Una regione regno di privilegi, di arretratezza e ultimo baluardo di quello che è stato definito socialismo municipale: in Sicilia un cittadino ogni 25 (compresi vecchi e bambini) prende soldi a vario titolo dalla regione. Che è solo un aspetto di un apparato pubblico elefantiaco. Il dato, reso noto dal procuratore generale d'appello della Corte dei conti siciliana Giovanni Coppola, è solo parziale ma comunque interessante: alla regione lavorano 20.288 persone (costato nel 2011 poco più di un miliardo di euro) di cui 17.218 a tempo indeterminato e 3.070 a tempo determinato mentre il totale complessivo del personale addetto alla sanità al 31 dicembre del 2011 è di 50.034 unità. In totale, considerando solo questi due dati, si arriva a 70mila persone cui si possono benissimo aggiungere i 19mila precari degli enti locali in cerca di stabilizzazione, i lavoratori forestali, i dipendenti della formazione professionale, quelli delle società per azioni (che però sono a totale controllo dei comuni), i dipendenti diretti di comuni e province (i cui trasferimenti sono iscritti nel bilancio regionale) si arriva a poco più di 190mila persone che a vario titolo percepiscono risorse che transitano dal bilancio regionale.

In pratica se si considera il totale dei cittadini, ogni 25 abitanti ce n'è almeno uno che a vario titolo prende soldi dalla Regione e se invece si considera solo la fascia dei cittadini in età di lavoro (che in Sicilia francamente si può benissimo mediamente fissare tra i 18 e i 60 anni) ogni 15 persone mediamente ce n'è una che prende fondi dalla Regione.

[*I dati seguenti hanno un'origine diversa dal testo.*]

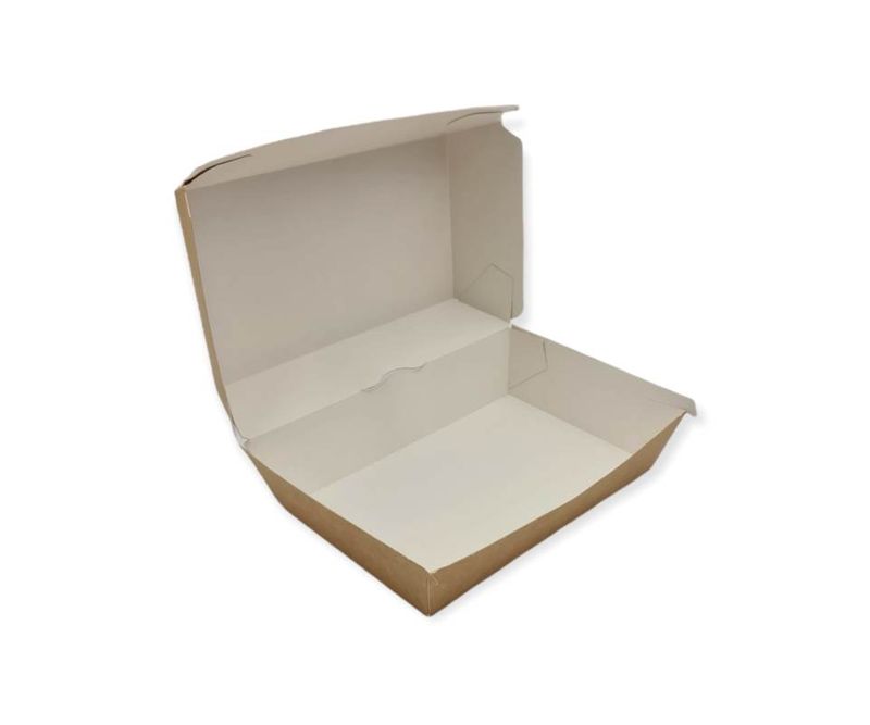 Cutia meniu burger natur CLMSHM1800 SL este soluția ideală pentru ambalarea, transportul și servirea burgerilor într-un mod sustenabil și eficient. Fabricată din carton natur 100% reciclabil, această cutie este sigură pentru contactul direct cu alimentele și oferă o prezentare estetică, potrivită pentru restaurante, food truck-uri, catering sau livrări. Designul său robust asigură protecția produsului și păstrează prospețimea preparatelor.

E non vengono considerati in questo calcolo, fatto prendendo solo spunto dalla relazione di Coppola, i 16.098 pensionati della Regione siciliana di cui 998 andati in pensione grazie alla legge 104/1992 ovvero, dice il procuratore generale della sezione siciliana della Corte dei conti, «gli ultimi cosiddetti baby pensionati che potevano ottenere la pensione con 25 anni di servizio ove accudissero un parente gravemente disabile».

Altro dato su cui ha posto l'attenzione Coppola è quello che riguarda il sistema delle società partecipate dalla regione: «Al 31 dicembre dell'anno scorso – dice – erano 34 ma attraverso un sistema simile alle scatole cinesi alcune di queste società detengono partecipazioni in altre società per l'esattezza 20: di conseguenza la partecipazione azionaria della regione concerne di fatto ben 54 società. Delle predette 34 società direttamente partecipate ben 21 hanno chiuso in perdita l'ultimo bilancio d'esercizio comunicato. È stata prevista la riduzione a 14 delle società partecipate ma tale riduzione e, quindi, la dismissione delle altre società non risulta ancora attuata». Tutto ciò mentre si registra inefficienza e paralisi in interi settori. Come quello delle opere pubbliche: dei 1.254 appalti aggiudicati nel 2005 solo 605 risultano collaudati al 31 dicembre 2011 mentre se si fa riferimento ai 1.047 appalti aggiudicati nel 2006 solo 448 risultavano collaudati al 31 dicembre dell'anno scorso.

Intanto la prospettiva è quella di una recessione sempre più forte, come si evince dal rapporto congiunturale della Fondazione Res presentato a Catania: «La crisi alimenta le diseguaglianze tra i percettori di reddito e tra le attività economiche, fenomeno che rallenta le prospettive di ripresa nel breve termine – spiega Adam Asmundo, responsabile del modello dell'economia siciliana all'interno dell Fondazione – e i primi possibili sintomi di ripresa non si avranno prima del 2014». Secondo il rapporto, in Sicilia la flessione del Pil attesa per il 2012 è del 2,6%, quella della domanda delle famiglie del 3,2 %, mentre gli investimenti in macchinari e attrezzature potrebbero diminuire del 5,3 per cento.